In the couple, could your emotions have been embarrassing?

Emmanuelle Devos: No. When I am in an environment of trust, I let my emotions flow without worry. I’ve never had difficulty saying “I love you”, for example. This comes to me from that childhood I was telling you about.

What moves you the most today?

Emmanuelle Devos: It’s funny that you ask me this question, because I find that as I get older tears easily come to my eye. It’s crazy, right? Or is it because with age we no longer have anything to prove? To answer you: it is when we are reunited as a family, the one I come from and the one I created. It is simply beautiful. My step mother [la femme de son père, ndlr] has a knack for bringing everyone together and making it go well.

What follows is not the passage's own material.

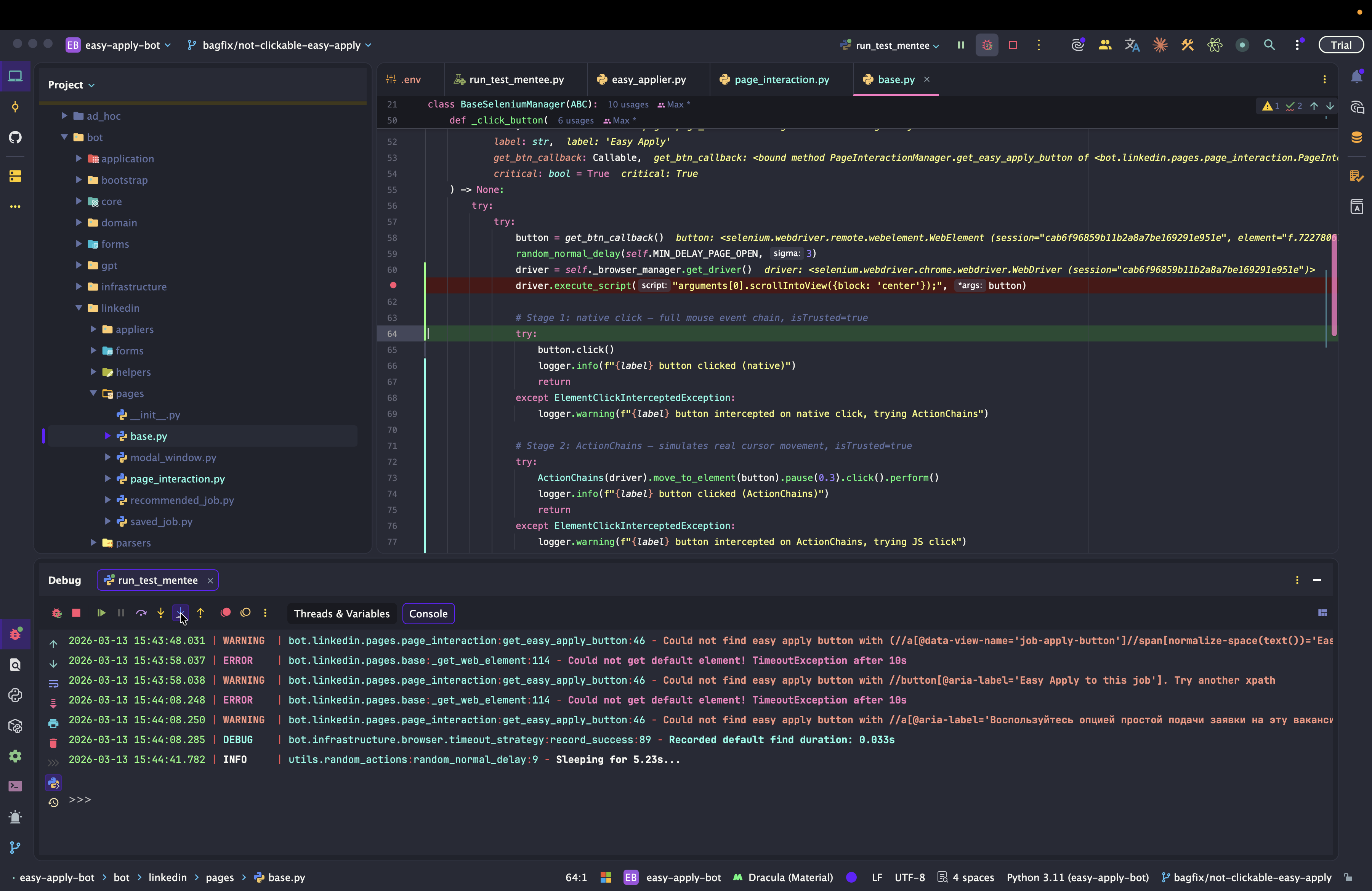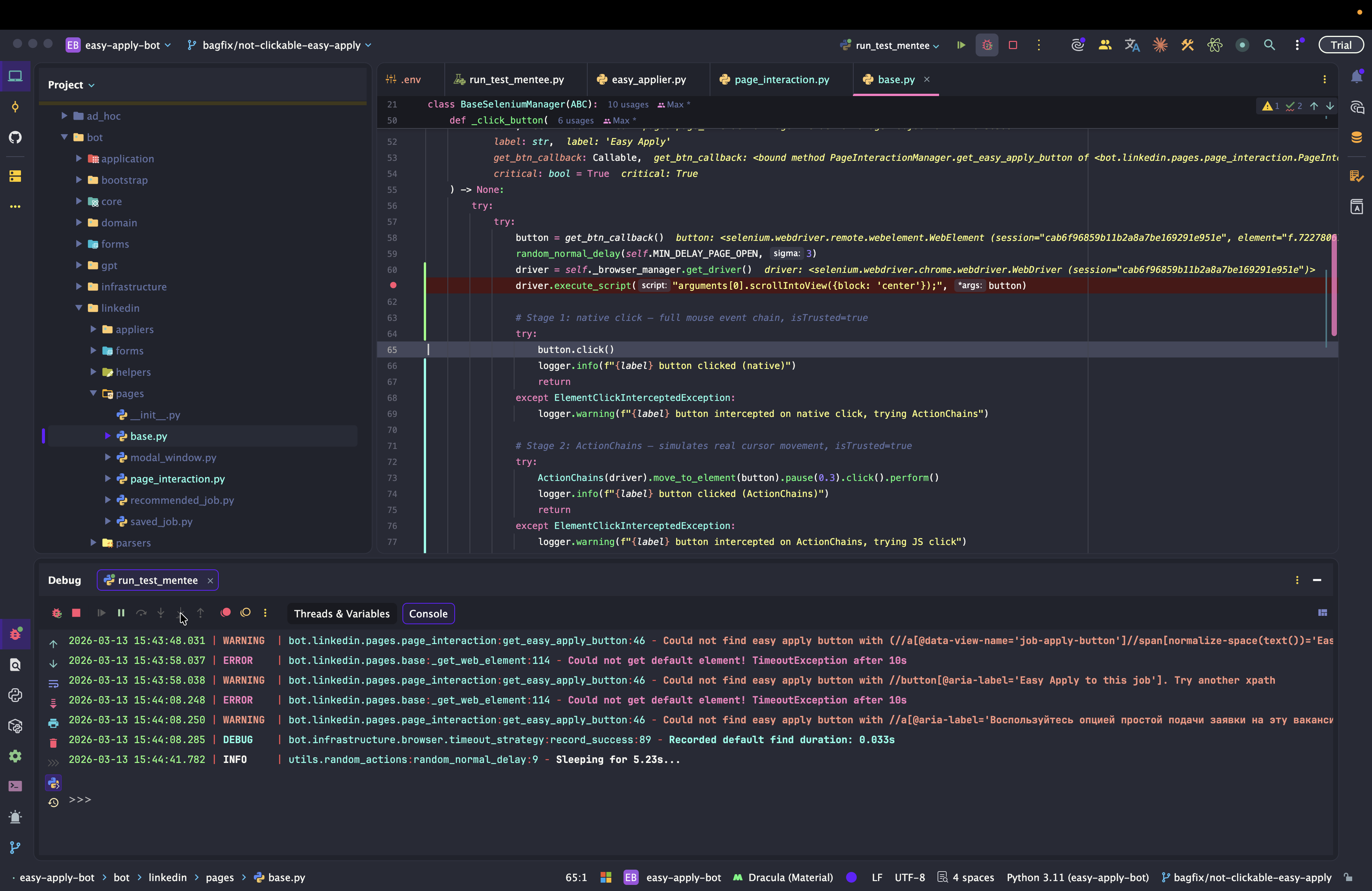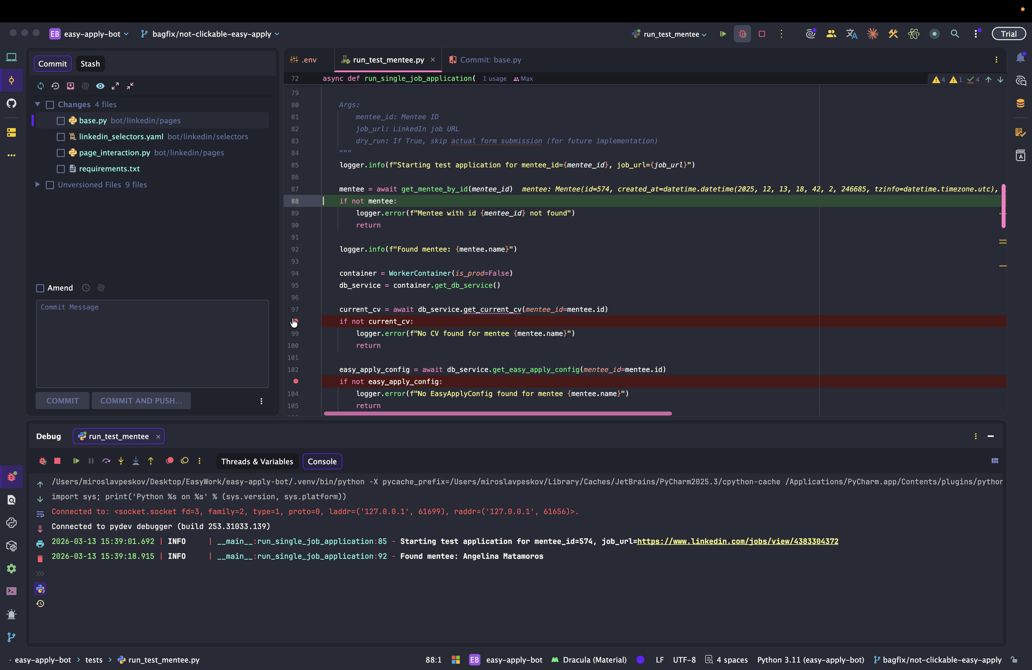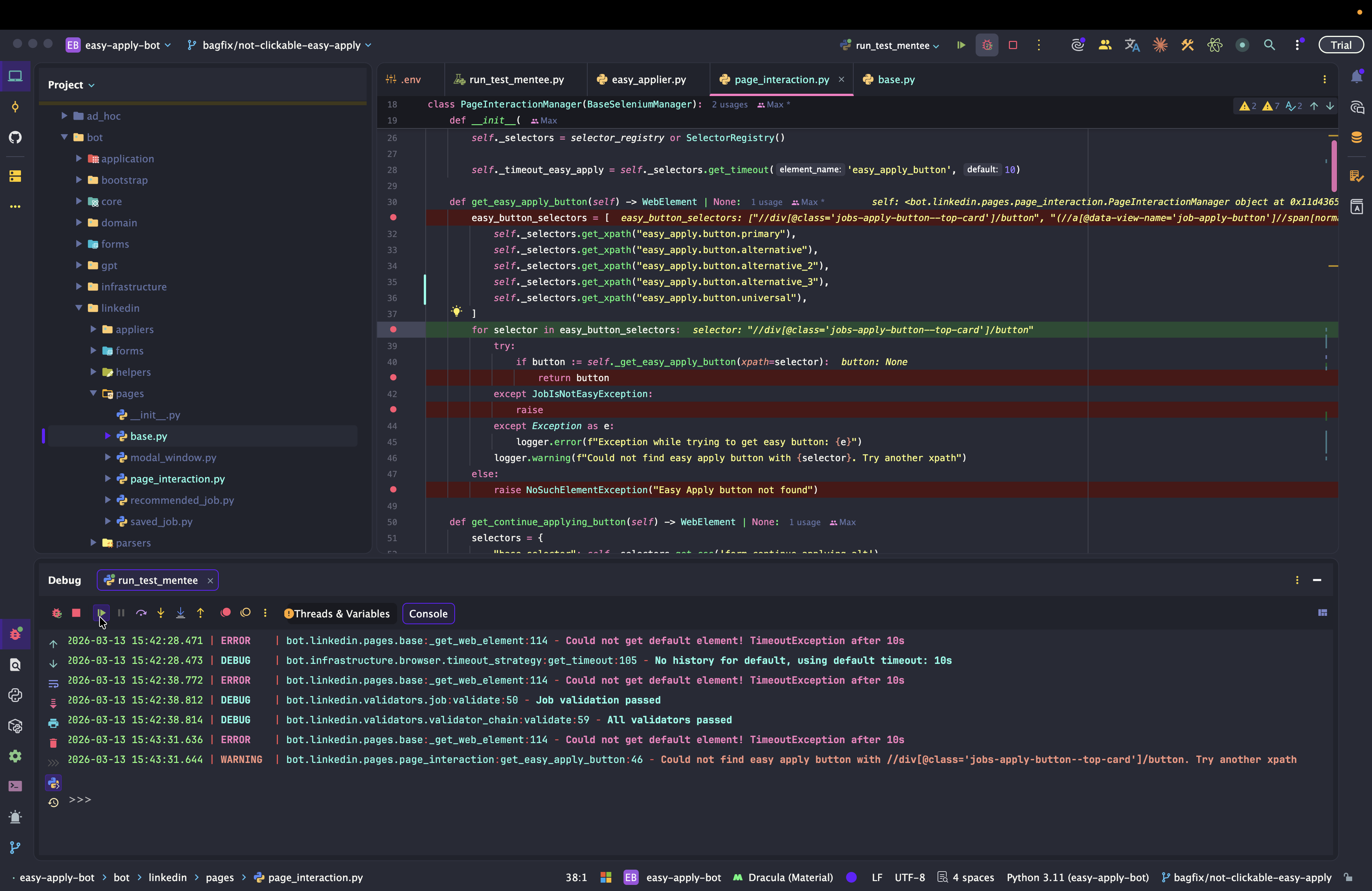 Dev: как отлаживать Easy Apply Bot

And the news filled with tragic information, from refugees to wars, including global warming, animal suffering…?

Emmanuelle Devos: It doesn’t upset me at all, I’ve battened down the hatches on the news. Faced with the flow of information, I have become very pragmatic: first I think about what each piece of information teaches me, then I ask myself what I can do. If the answer is “nothing”, then what good is my emotion? But if I can, I act, looking for an association to support. I think that knowing how to really help those close to you is already a lot. For more distant causes, you have to accept your limits and make choices. For example, because the cause of the seas is important to me, I donate money to the Bloom association, which does awareness work. The waste saddens me, you know, like hotel soaps thrown away barely started… A woman had the idea of ​​recovering them to make bread and send them to countries in the world where they are in short supply. It’s called Unisoap France, and I recently became its sponsor. I can’t stand to hear someone complaining about the state of the world. “If you are in so much pain, do something. Go help these people. Or send money. Emotion becomes a trap when it exempts us from acting.

What path would you still have to take on this emotional terrain, in your opinion?

Emmanuelle Devos: As an ex-great emotional, I am not far from having become an expert in the matter! [Rires] I believe I am stronger today than people who have not had to ask themselves questions about managing their emotions. Now I want to work on empathy. After learning not to let myself be carried away by the emotions of others, I would like to find more flexibility on this side of the heart, of generosity. Otherwise, I will become a terrible old lady! [Elle éclate de rire] Mom always told us: “Things don’t get done without us. I find great accuracy in the refusal of victimization. We neither seek nor deserve everything that happens to us, but what we do with it depends on our responsibility. Knowing how to question yourself is a key to avoiding regret and remorse. And that also goes for emotions: they can be managed. We are not corks floating on water.

His news

“Amin”, the loving lover

A construction site in the Paris region. Among the workers, Amin (Moustapha Mbengue), who left his wife and children in Senegal and to whom he sends his salary. A solitary, laborious, invisible life, like so many others. Until the day he meets Gabrielle (Emmanuelle Devos) who listens to him, watches him. And reciprocally. A film that draws its great sensitivity from its implacable realism and the accuracy of its actors.

amin by Philippe Faucon, in theaters October 3.